Unique hit obtained via hhpred using “NKGAGGHSYGADLKSFDLGDELGTDPYEDFQENWNTKHSSGVTRELMRELNGG” (C-ter of nsp1 from SARS-CoV-2) as query.

Unique hit obtained via hhpred using “NKGAGGHSYGADLKSFDLGDELGTDPYEDFQENWNTKHSSGVTRELMRELNGG” (C-ter of nsp1 from SARS-CoV-2) as query.

My next question was: Did the authors of the E-coli protein complex structure (3gme) express and use the full RNase E to get their crystals? As a matter of fact, no they did not. They used a “microdomain” as they call it. So again it sheds some uncertainty to the relevance of this structure. However, the authors of this structure also highlight another very interesting fact in their paper - the complex they observe in E. coli is remarkably similar to an interaction in the human exosome complex. More precisely, it’s similar to the complex between the human RNase PH-like subunits Rrp45 and Rrp46. The C-terminal tail of Rrp46 plays the analogous role of the E-coli RNase E micro-domain and forms a pseudo-continuous β-sheet with the Rrp45 subunit.
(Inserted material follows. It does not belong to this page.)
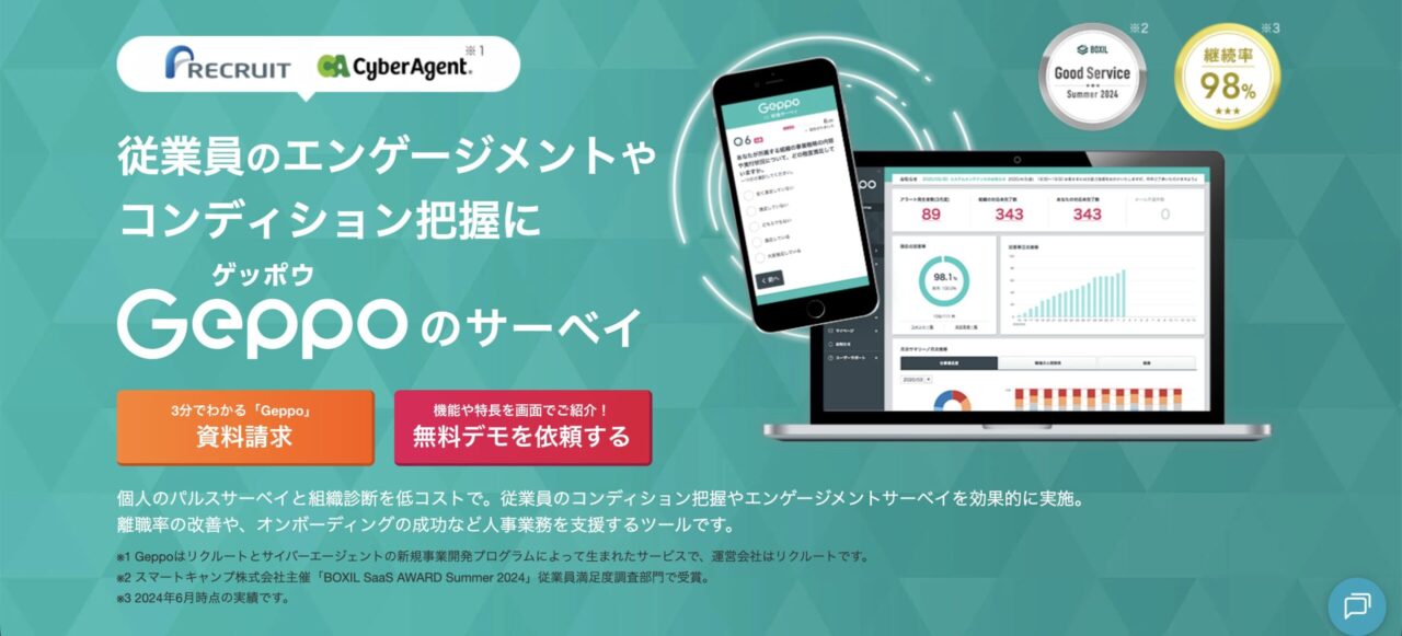 3,500社以上が導入する国内有数のエンゲージメントサーベイツールです。慶應義塾大学の島津明人教授監修のもと開発され、3分で回答できるパルスサーベイで組織状態を継続的に測定できます。
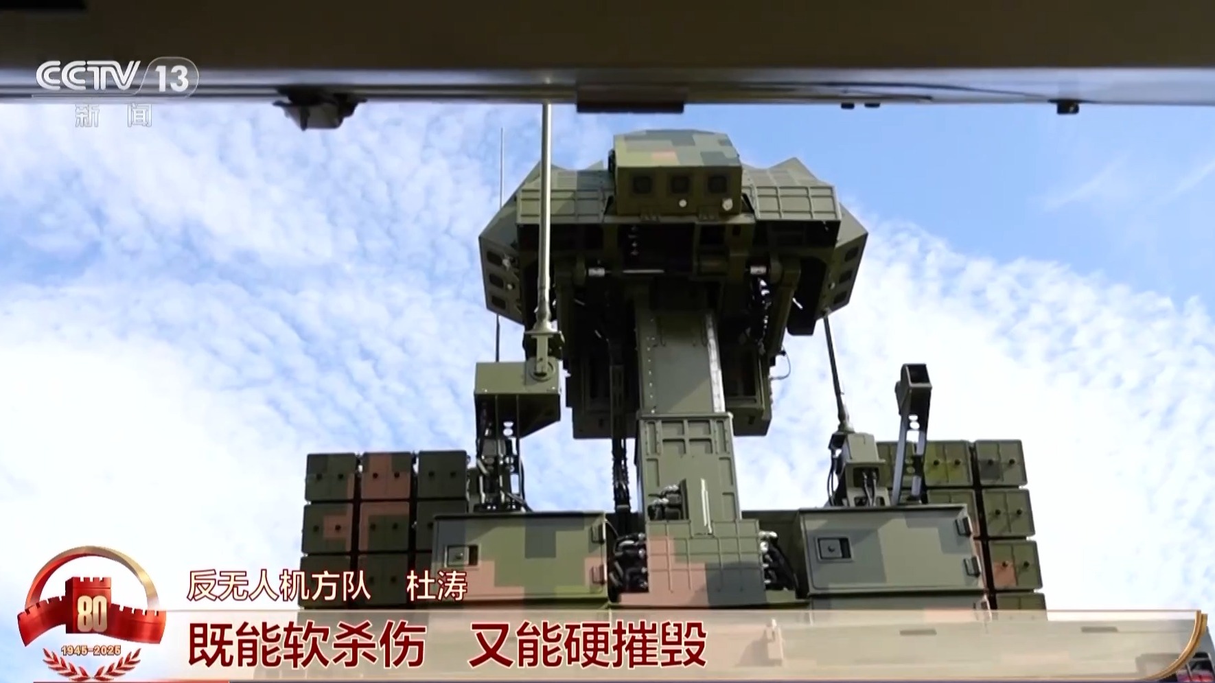 *反無人機方隊 杜濤:*它們是基於模塊化、開放式結構,有機集成反無彈炮系統、高能激光武器、高功率微波武器等裝備,綜合運用“彈、炮、光、波”等作戰手段,既能軟殺傷、又能硬摧毀,號稱“鐵三角”。

So that’s interesting indeed. Let’s hypothetically consider that the SARS-CoV-2 nsp1 C-ter could interact at this precise location with Rrp45 and alter the interaction with the endogenous Rrp46 and thereby disrupt the function of the exosome complex. How would this effect the host cell?

In order to answer this question, let’s look closer on what the human exosome complex actually is, what it’s doing and where it comes from.

First of all, the exosome complex (or RNA exosome) is not to be confused with the the extracellular vesicles exosomes (confusing, I know). The exosome complex is an evolutionary conserved multi-protein complex important for the cleavage and degradation of RNA (further reading 1, 2, 3, 4, 5, 6. The ring-shaped core of this complex is composed of six RNase proteins (including Rrp45 and Rrp46), and three additional proteins with a RNA binding domain (see image below). This paper describes a few diseases that appear when something is awry with the exosome complex.

Structure of the yeast RNA Exosome complex (source). Spot the Rrp45/46 complex in the middle (yellow/red).

Structure of the yeast RNA Exosome complex (source). Spot the Rrp45/46 complex in the middle (yellow/red).

 
Overview of the interaction between Rrp45 (green) and Rrp46 (orange). Open the same view in 3decision here. Based on RCSB structure 2nn6

Overview of the interaction between Rrp45 (green) and Rrp46 (orange). Open the same view in 3decision here. Based on RCSB structure 2nn6

 

So back to our question. What would happen if nsp1 could bind to Rrp45? When looking at the 3D structure of the human exosome complex (see image above), it becomes clear that the sub-units Rrp45 and Rrp46 not only interact through the extension of the beta-sheet, but also build up a beta-sheet sandwich together. Their side-chains are of importance here. We can also observe that, the fold of Rrp45 is comparable to the fold of E. coli PNPase.

Next, the NMR structure of SARS-CoV nsp1 mainly contains a small beta-barrel-like fold. What if nsp1 is actually capable of mimicking the interaction of Rrp46 with Rrp45? It would alter host RNA processing and degradation. Interestingly, that’s one of the roles that are currently described for nsp1 from SARS-CoV & SARS-CoV-2.

Let’s check out if something could back-correlate with the mutation data we currently have at hand to check out if mutations have been tested on the small (possible) beta-strand interacting with Rrp45 (I’m building up hypotheses here, so nothing is verified scientifically, yet).

Within the amino acid 128-135 range of nsp1 (the hhpred match), we find the mutations m2, m4 and m35.

m35 alters H134D and S135Q. By analogy to the E coli structure and the hhpred hit we had before, residues 134 and 135 are not part of the interacting beta-strand but located in a loop on top of the beta-sheet. In the human Rrp45/Rrp46 complex this loop is forming a small helix as you can see in the forefront of screenshot above. m2 and m4 on the other hand affects resiudes 128, and 124, 125, 128 & 129, respectively. These are positioned within the range of what could be an Rrp45 interacting region of nsp1 (again, this is just an hypothesis)

m2, m4 and 35 lower the capability of nsp1 to inhibit RNA expression of the host according to the mutation study cited previously as well.

Let us quickly double check with the Krogan paper that came out recently (cited in my previous post) if we can somehow strengthen this hypothesis. They observed DNA polymerase alpha proteins interacting with nsp1. How does this explain the phenotype of reduced gene expression or immune response of the cell? … still a bit of reading to do here on my side.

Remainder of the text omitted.